[Given records — start]
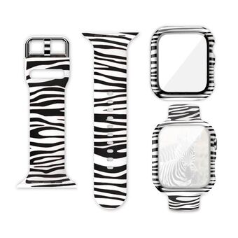 Silicone Printing Integrated Watch Case Watch Band For Apple Watch Series 7 45mm / & 6 & SE & 5 & 4 44mm(Zebra)
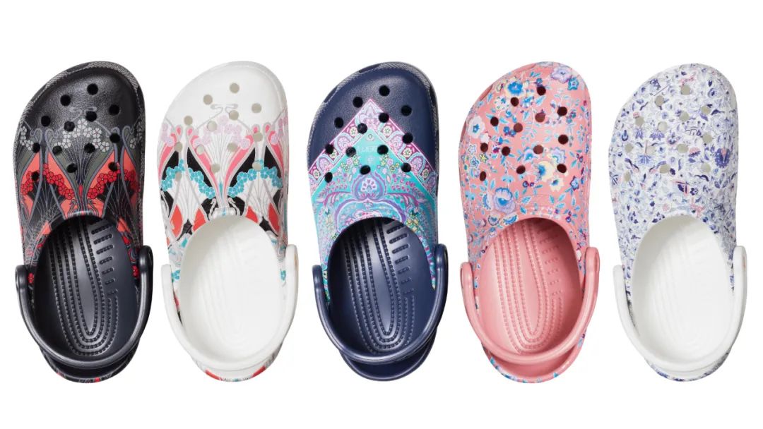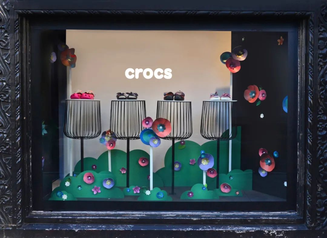合作期间,Liberty London的店铺橱窗也展示了Liberty London & Crocs独家定制款丝巾的限定款Crocs 经典克骆格及凉拖,魔法般的仙境场景,传递合作系列的趣味印花设计和花卉灵感。
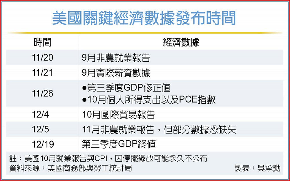 據美國經濟分析局(BEA)、美國勞工統計局(BLS)與外電資料彙整,重要經濟數據公布時間如下,11月20日將率先公布9月非農就業報告、21日為9月實際薪資數據。26日將發布第三季度GDP修正值,當天10月個人所得支出以及PCE指數也將出爐。
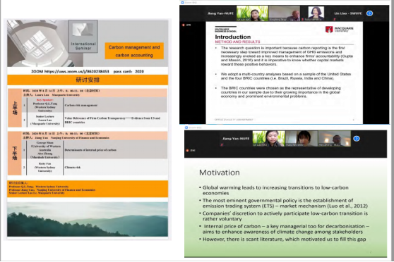 研讨会上,来自于Western Sydney University的Q.L.Tang教授作为Key Speaker做了“Carbon risk management”的主题报告。来自于Macquarie University的高级讲师Laura Luo做了“Value Relevance of Firm Carbon Transparency”的论文报告,来自于University of Western Australia的George Shan教授和Murdoch University的Alex Zhang老师做了“Determinants of internal price of carbon”的论文报告,来自于Western Sydney University的Ruby Fan博士做了“Climate risk”的文献报告。参加本次线上研讨会的还有来自于University of Sydney,University of Wollongong,Massey University,国内的华中科技大学、西南财经大学以及91传媒
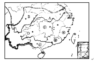 (1)據(jù)報(bào)道,2003年12月9日,黃河內(nèi)蒙古河段累計(jì)封凍230千米,圖中字母A、B、C、D、E代表的五條河流中,表示黃河的字母代號(hào)是。與黃河一樣有結(jié)冰期的是B河和A河;在這五條河流中,汛期最長(zhǎng)的河流是河;圖中內(nèi)流區(qū)域和外流區(qū)域的分界線與mm等降水量線相似。
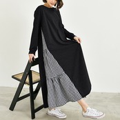 人気柄のギンガムチェックを取り入れてシンプルだけどどことなく遊びゴコロ溢れるデザインのロングスリーブワンピース
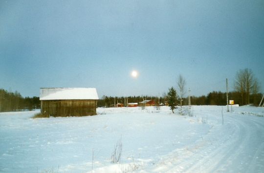 Kuva: Pohjosen riihi kuutamolla, taustalla Aarno Uusimäen tiilitalo.
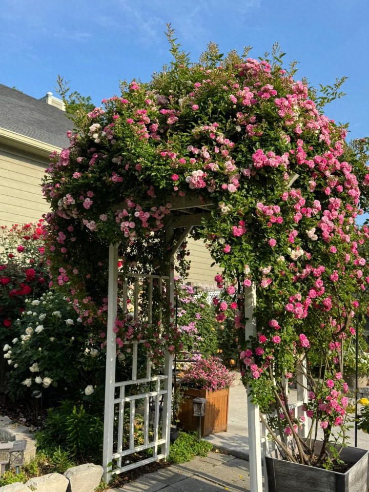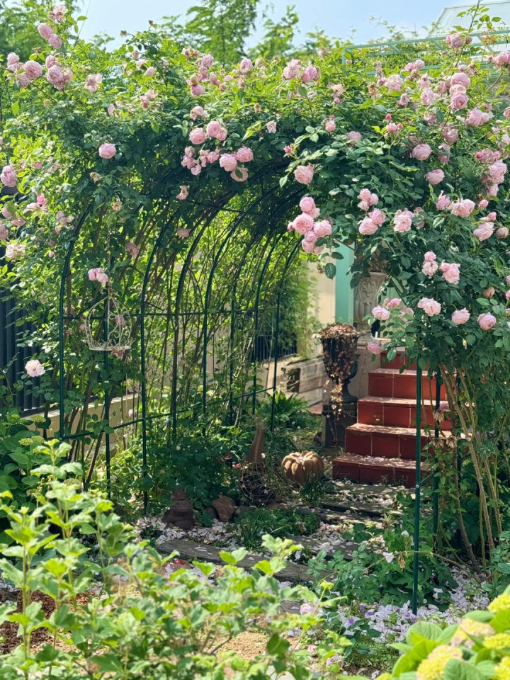 直到某天,路过邻居家,一抬眼——一架木色花架,爬满月季与紫藤,风一吹,花影摇曳,连空气都甜了。
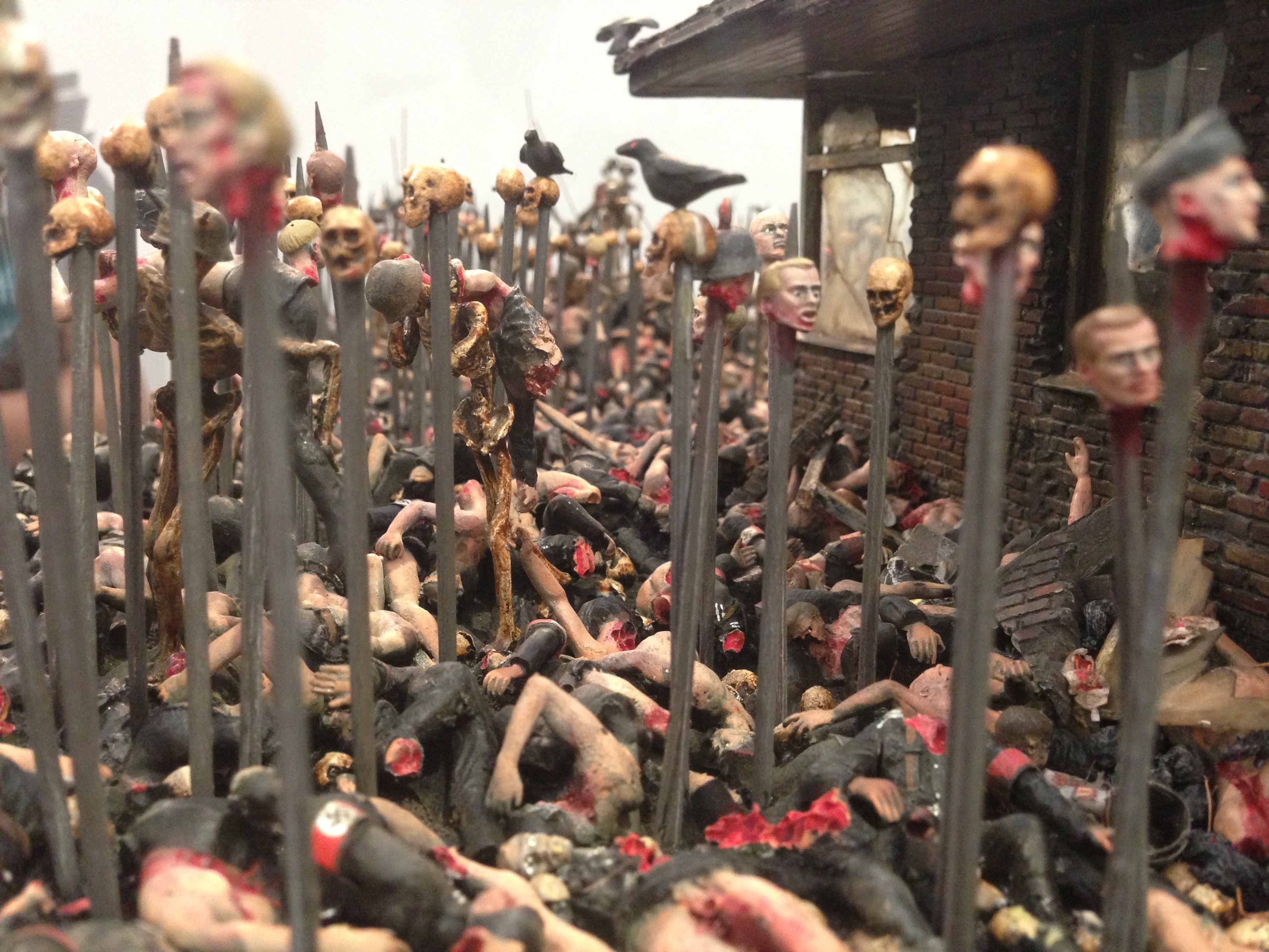 I dropped by Whitecube to check out Jake and Dinos Chapman‘s latest offering of tiny Nazis, crucified Ronald McDonalds, cannibals, zombies and defaced decrepit portraits of Dorian Gray. “Are you shocked? Is it controversial?” I asked one visitor. “No, it’s just put me off my cheeseburgers,” was the answer. Ahh, contemporary art. Nothing is sacred, nothing shocks anymore.
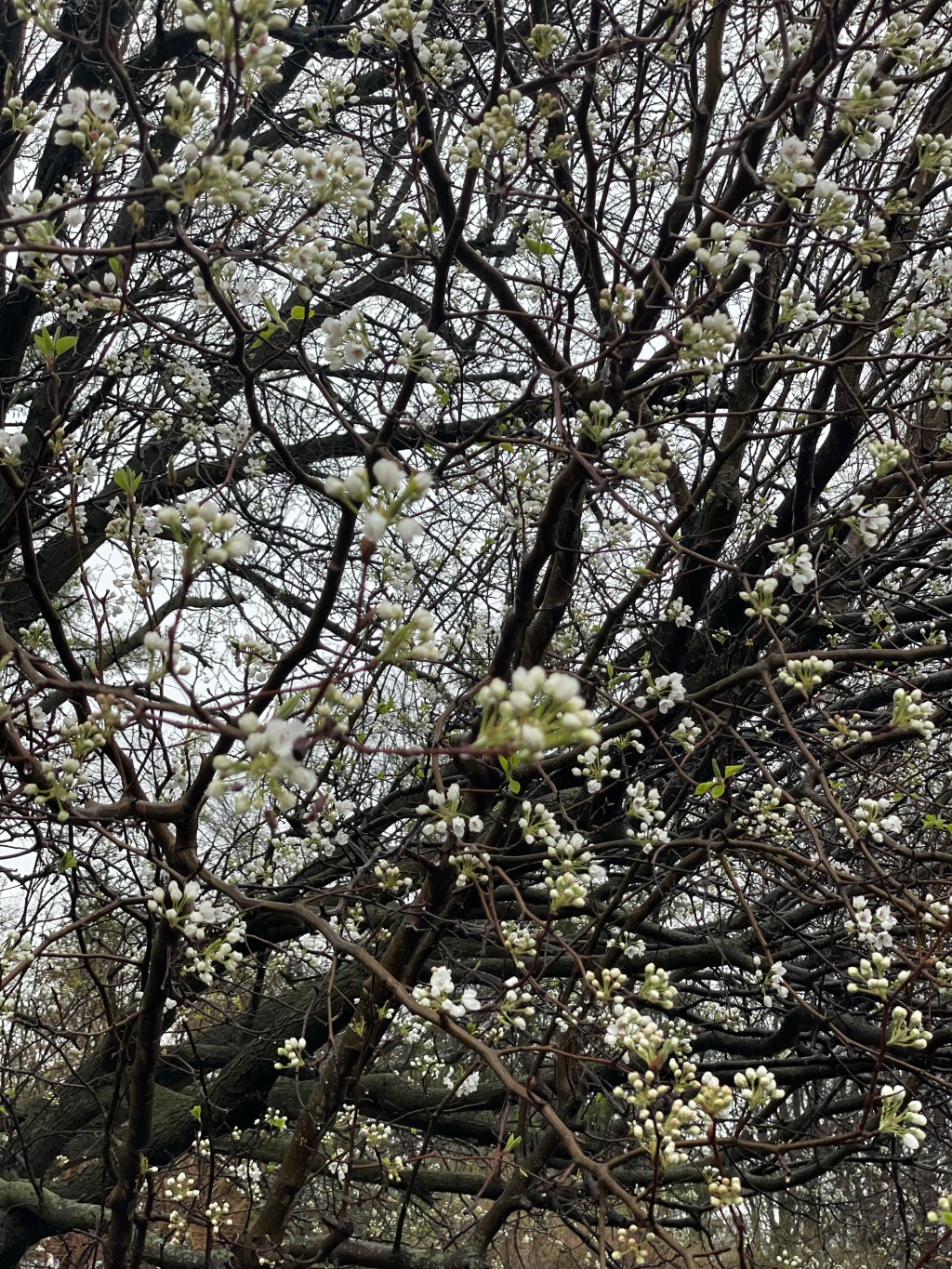 I hear you are very persistent. Prone to reinvade even when removed. I hear you are highly resilient. Thick dense branches push out others who compete with you for water, soil, space, sun. I hear some call you invasive. Birds love your fruit, spread your seeds and you rise up unbidden again. But I see you bloom in spring. Early spring in clusters of white rounded flowers that stay close together. Like us. We may be persistent, resilient, invasive even, but still, like callery trees, we stay close together, blooming together.
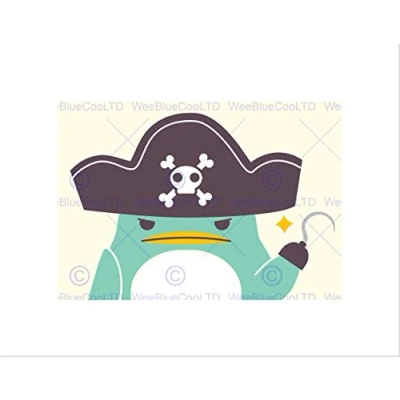 Wee Blue Coo Nursery Captain Pirate Hook Bird Jolly Roger Kids Bedroom Wall Art Print
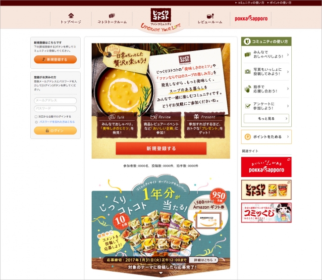 ポッカサッポロフード&ビバレッジとクオンは、クオンが提供するコミュニティマーケティング・システム「Beach」にて、公式コミュニティサイト「じっくりコトコト ファンコミュニティ」をオープンする
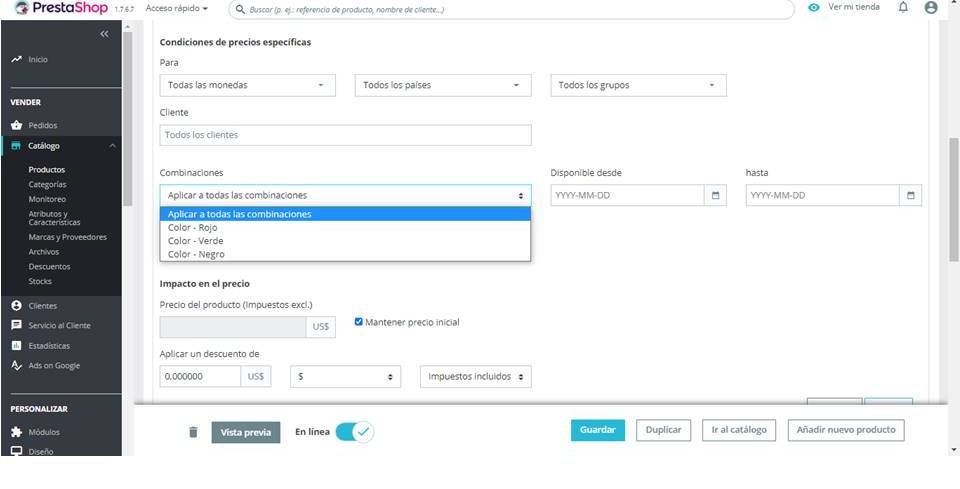 IreneMD Posted March 9, 2021 Share Posted March 9, 2021 Buenos días, He añadido varios productos a mi web que tienen distintos atributos. Como es una web de venta de móviles, los atributos pueden ser el color, los GB, etc. Mi duda es que quiero de vez en cuando hacer ofertas en determinados artículos pero no encuentro la manera de ver en "precio específico" el apartado que te permite elegir en qué combinación quieres poner esa rebaja o si lo quieres en todas. En la imagen que adjunto, es de un manual de la versión 1.6 pero en la 1.7 que estoy usando yo no veo nada de eso. Pasa de el apartado de "cliente" a las fechas en las que quieres que esté operativa esa rebaja. Me gustaría saber si es posible poder poner una rebaja en un solo atributo de esas combinaciones. Es decir, que si se puede elegir entre la versión roja o verde, al clicar en verde, veas que SOLO ESA OPCIÓN tiene la rebaja que yo quiero. Quedo atenta y muchas gracias por leerme, Irene Link to comment Share on other sites More sharing options...
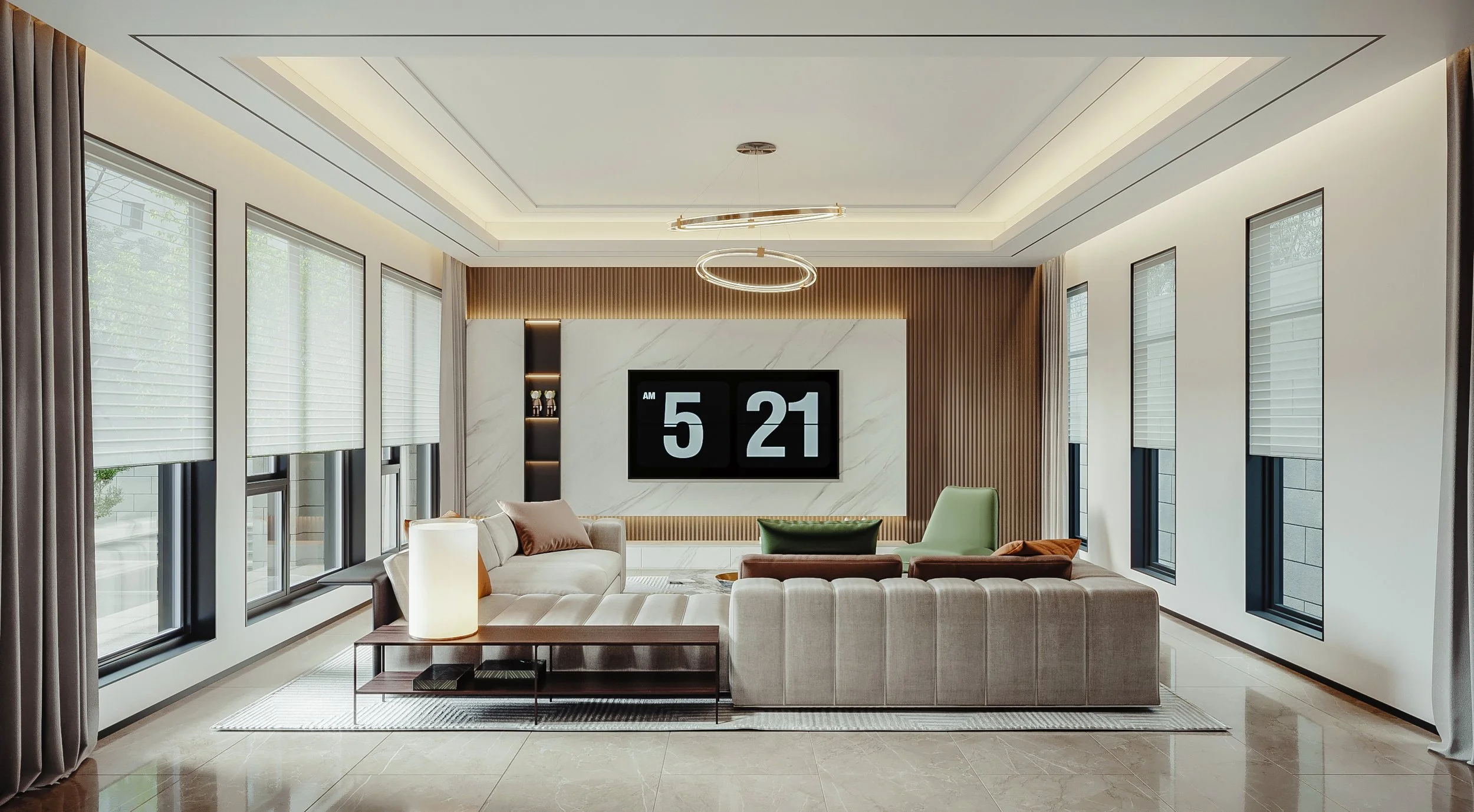 MATERIALS: Marble wall panels, wood veneer, art paint and metal sheets.
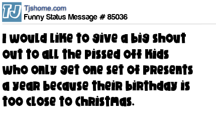 X  I would like to give a big shout out to all the pissed off kids who only get one set of presents a year because their birthday is too close to Christmas.
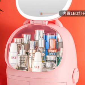 This Cosmetic Storage Box is an innovative storage solution that combines the functionality of a makeup storage unit and a vanity mirror.
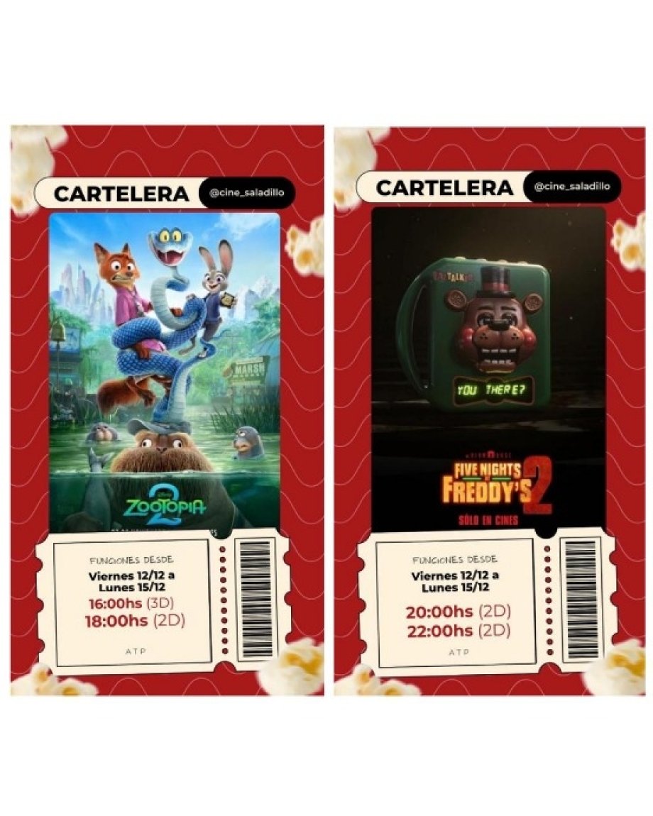 Viernes 12 a lunes 15 16h 3D 18h 2D
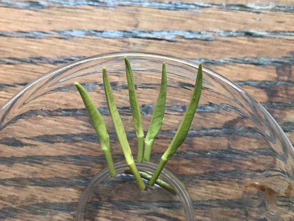 Esta forma de preparar el Jun shan yin zhen nos permite observar la belleza de la hoja y debido a su carácter, por mucho tiempo que tengamos la infusión en contacto con el agua, no se intensifica mucho, pudiendo beber y disfrutar este té con calma.
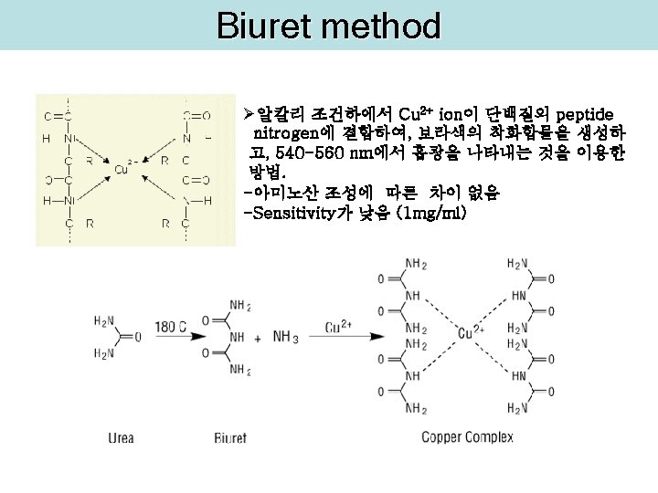 Lowry method 1 단계 : Biuret reaction : 알칼리 용액에서 Cu 2+와 protein peptide bond 간에 complex를 형성시켜서 Cu 2+가 Cu+로 환원된다. 2 단계 : Folin-Ciocalteu reaction : Cu+와 tryptophan, tyrosine, cysteine의 radical group이 Folin-Ciocalteu reagent (phosphomolybdate and phosphotungstate complex (노란색)를 환원시켜서 진한 청색으로 변한다. (yellow deep blue) 노란색 protein 500~
[Given records — finish]
Task goal: Copy everything above from the line holding "close to Christmas." down to the line holding "Esta forma de", both ends included, exactly as it stands and without the pictures.

The answer:
 X  I would like to give a big shout out to all the pissed off kids who only get one set of presents a year because their birthday is too close to Christmas.
 This Cosmetic Storage Box is an innovative storage solution that combines the functionality of a makeup storage unit and a vanity mirror.
 Viernes 12 a lunes 15 16h 3D 18h 2D
 Esta forma de preparar el Jun shan yin zhen nos permite observar la belleza de la hoja y debido a su carácter, por mucho tiempo que tengamos la infusión en contacto con el agua, no se intensifica mucho, pudiendo beber y disfrutar este té con calma.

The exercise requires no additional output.